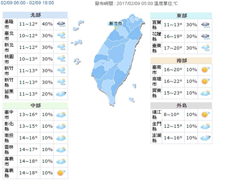 昨(8日)晚間北東地區開始飄雨,中部地區也有零星雨,氣象局預估,今天中午過後,天氣將逐漸轉為乾冷型態,只有東半部會出現零星降雨,氣象局表示,北台灣今一整天都屬於偏冷的天氣型態,最高溫也只有13、14度,中部則15至18度,不過,要特別提醒南部民眾,雖然白天高溫還可以到達23度,但是中午過後,冷空氣將會一路南下,全台都會「急凍」,北部及東北部入夜,一直到明天清晨,都可能出現8、9度溫度,中部也只有10度,其他地區則12~14度。
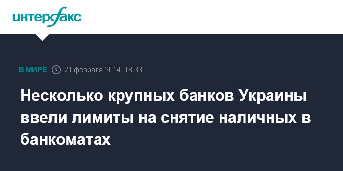 Ограничения также ввел крупнейший на Украине Приватбанк - с 21 февраля в размере 3 тыс. грн. в сутки на одну карту, "Райффайзен Банк Аваль" - с 20 февраля, в размере 2,5 тыс. грн. Государственный Ощадбанк не планирует снижать размер лимита на обналичивание средств по своим платежным картам, вместе с тем банк установил лимит на снятие наличных средств через свои банкоматы для клиентов других банков в размере 500 грн. на одну карту. Все банки объясняют такое решение необходимостью предоставить всем клиентам возможность обналичить средства.
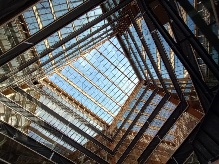 Elioth a participé à la conception et au suivi de l’exécution de la verrière à ossature bois recouvrant l’atrium du bâtiment. Cette verrière apporte un éclairage naturel généreux sur l’ensemble des niveaux bordant le vide intérieur et contribue au confort visuel et à l’ambiance lumineuse de l’espace central.
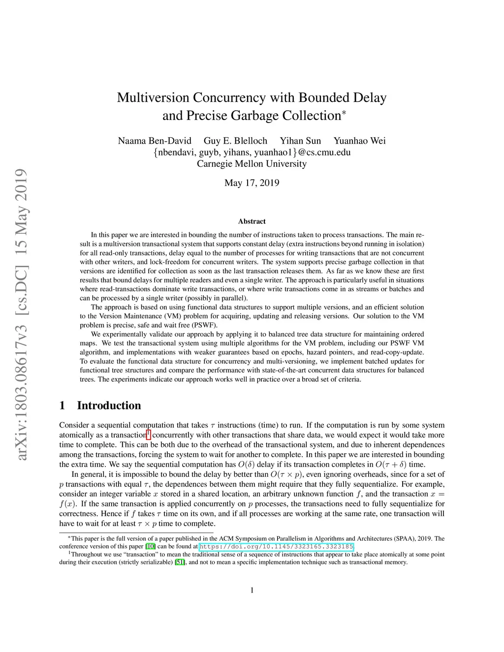 In this paper we are interested in bounding the number of instructions taken to process transactions. The main result is a multiversion transactional system that supports constant delay (extra instructions beyond running in isolation) for all read-only transactions, delay equal to the number of processes for writing transactions that are not concurrent with other writers, and lock-freedom for concurrent writers. The system supports precise garbage collection in that versions are identified for collection as soon as the last transaction releases them. As far as we know these are first results that bound delays for multiple readers and even a single writer. The approach is particularly useful in situations where read-transactions dominate write transactions, or where write transactions come in as streams or batches and can be processed by a single writer (possibly in parallel). The approach is based on using functional data structures to support multiple versions, and an efficient solution to the Version Maintenance (VM) problem for acquiring, updating and releasing versions. Our solution to the VM problem is precise, safe and wait-free (PSWF). We experimentally validate our approach by applying it to balanced tree data structures for maintaining ordered maps. We test the transactional system using multiple algorithms for the VM problem, including our PSWF VM algorithm, and implementations with weaker guarantees based on epochs, hazard pointers, and read-copy-update. To evaluate the functional data structure for concurrency and multi-versioning, we implement batched updates for functional tree structures and compare the performance with state-of-the-art concurrent data structures for balanced trees. The experiments indicate our approach works well in practice over a broad set of criteria.

■ ■ ■ ■ ■ ■ ■

_REQUIRED WORK_: Could the material above be written out again word for word, with the pictures dropped?

_WRITTEN SOLUTION_:
 昨(8日)晚間北東地區開始飄雨,中部地區也有零星雨,氣象局預估,今天中午過後,天氣將逐漸轉為乾冷型態,只有東半部會出現零星降雨,氣象局表示,北台灣今一整天都屬於偏冷的天氣型態,最高溫也只有13、14度,中部則15至18度,不過,要特別提醒南部民眾,雖然白天高溫還可以到達23度,但是中午過後,冷空氣將會一路南下,全台都會「急凍」,北部及東北部入夜,一直到明天清晨,都可能出現8、9度溫度,中部也只有10度,其他地區則12~14度。
 Ограничения также ввел крупнейший на Украине Приватбанк - с 21 февраля в размере 3 тыс. грн. в сутки на одну карту, "Райффайзен Банк Аваль" - с 20 февраля, в размере 2,5 тыс. грн. Государственный Ощадбанк не планирует снижать размер лимита на обналичивание средств по своим платежным картам, вместе с тем банк установил лимит на снятие наличных средств через свои банкоматы для клиентов других банков в размере 500 грн. на одну карту. Все банки объясняют такое решение необходимостью предоставить всем клиентам возможность обналичить средства.
 Elioth a participé à la conception et au suivi de l’exécution de la verrière à ossature bois recouvrant l’atrium du bâtiment. Cette verrière apporte un éclairage naturel généreux sur l’ensemble des niveaux bordant le vide intérieur et contribue au confort visuel et à l’ambiance lumineuse de l’espace central.
 In this paper we are interested in bounding the number of instructions taken to process transactions. The main result is a multiversion transactional system that supports constant delay (extra instructions beyond running in isolation) for all read-only transactions, delay equal to the number of processes for writing transactions that are not concurrent with other writers, and lock-freedom for concurrent writers. The system supports precise garbage collection in that versions are identified for collection as soon as the last transaction releases them. As far as we know these are first results that bound delays for multiple readers and even a single writer. The approach is particularly useful in situations where read-transactions dominate write transactions, or where write transactions come in as streams or batches and can be processed by a single writer (possibly in parallel). The approach is based on using functional data structures to support multiple versions, and an efficient solution to the Version Maintenance (VM) problem for acquiring, updating and releasing versions. Our solution to the VM problem is precise, safe and wait-free (PSWF). We experimentally validate our approach by applying it to balanced tree data structures for maintaining ordered maps. We test the transactional system using multiple algorithms for the VM problem, including our PSWF VM algorithm, and implementations with weaker guarantees based on epochs, hazard pointers, and read-copy-update. To evaluate the functional data structure for concurrency and multi-versioning, we implement batched updates for functional tree structures and compare the performance with state-of-the-art concurrent data structures for balanced trees. The experiments indicate our approach works well in practice over a broad set of criteria.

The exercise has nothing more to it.